*** Opening Data in this exercise ***
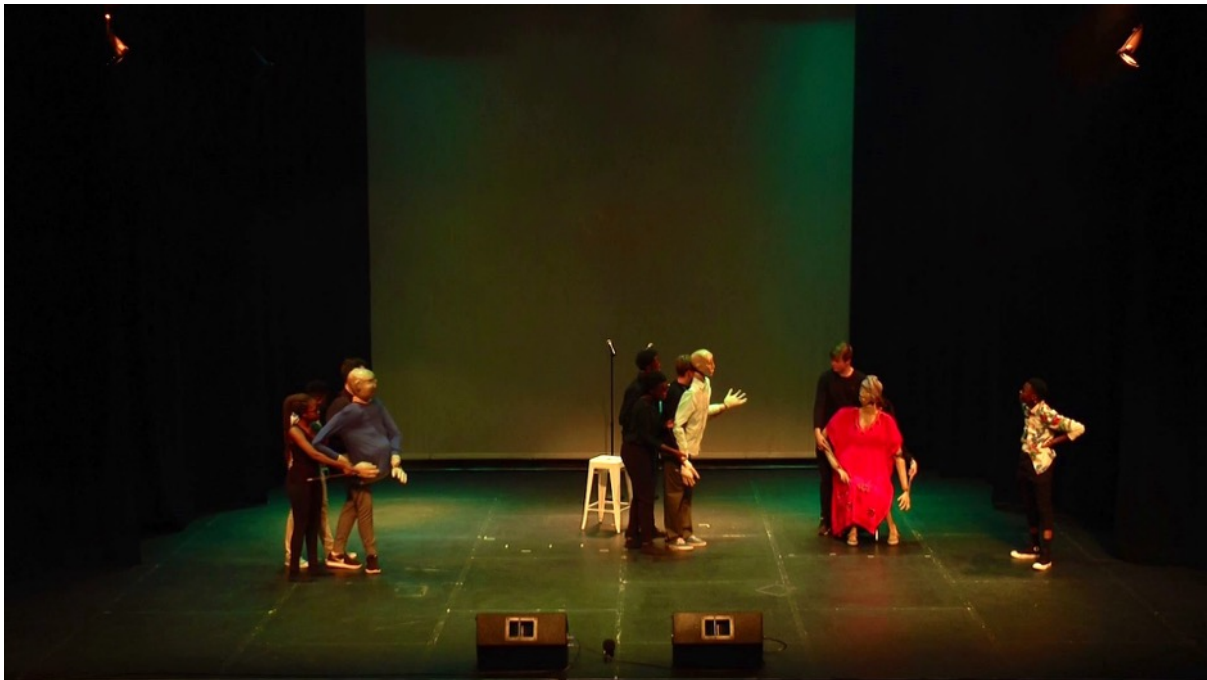
Figure 19: The Puppet Chorus ( Missing , Scene 5). Photograph by Jaco van Wyk. 2017.

comprised a great deal of experimentation and a ‘cornucopia’ of ‘DIY’ solutions. Puppet torsos, which were constructed from light wood, papier-mâché and bubble-wrap, also sported arms, hands and detachable heads (to facilitate mobility), whilst the puppeteers’ legs and feet, which were visibly part of the structural framework, completed the substructure’s anthropomorphic ‘gestalt’. The puppets, given their size and weight, in the end required the support of two puppeteers - while the first puppeteer navigated spatial demands, engineered head movements and held the frame in place, the second puppeteer regulated and maneuvered arm mobility and accompanying gestures.
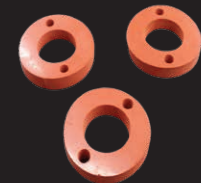
Premium Rubber Gaskets and Sheets
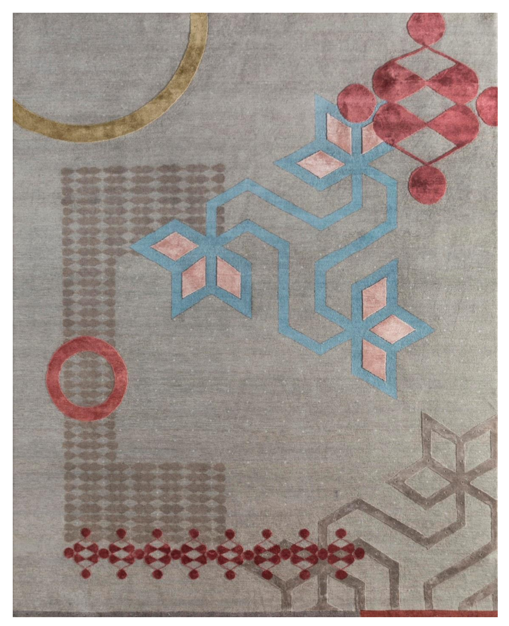
AKWB-7002 Classic Gray 0959-83 Classic Gray 0959-83
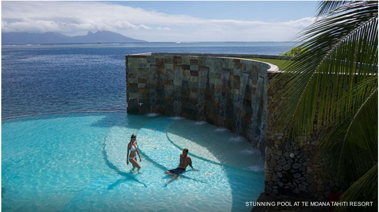
STUNNING POOL AT TE MOANA TAHITI RESORT
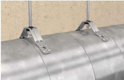
Spiral duct pipe with sound insulated hanger
*** Closing Data in this exercise ***
• [What you have to do] Only the lines from the one holding "STUNNING POOL AT TE MOANA TAHITI RESORT" through the last line of the records should be output, please, exactly and without any pictures.

• [Solution below]
STUNNING POOL AT TE MOANA TAHITI RESORT
Spiral duct pipe with sound insulated hanger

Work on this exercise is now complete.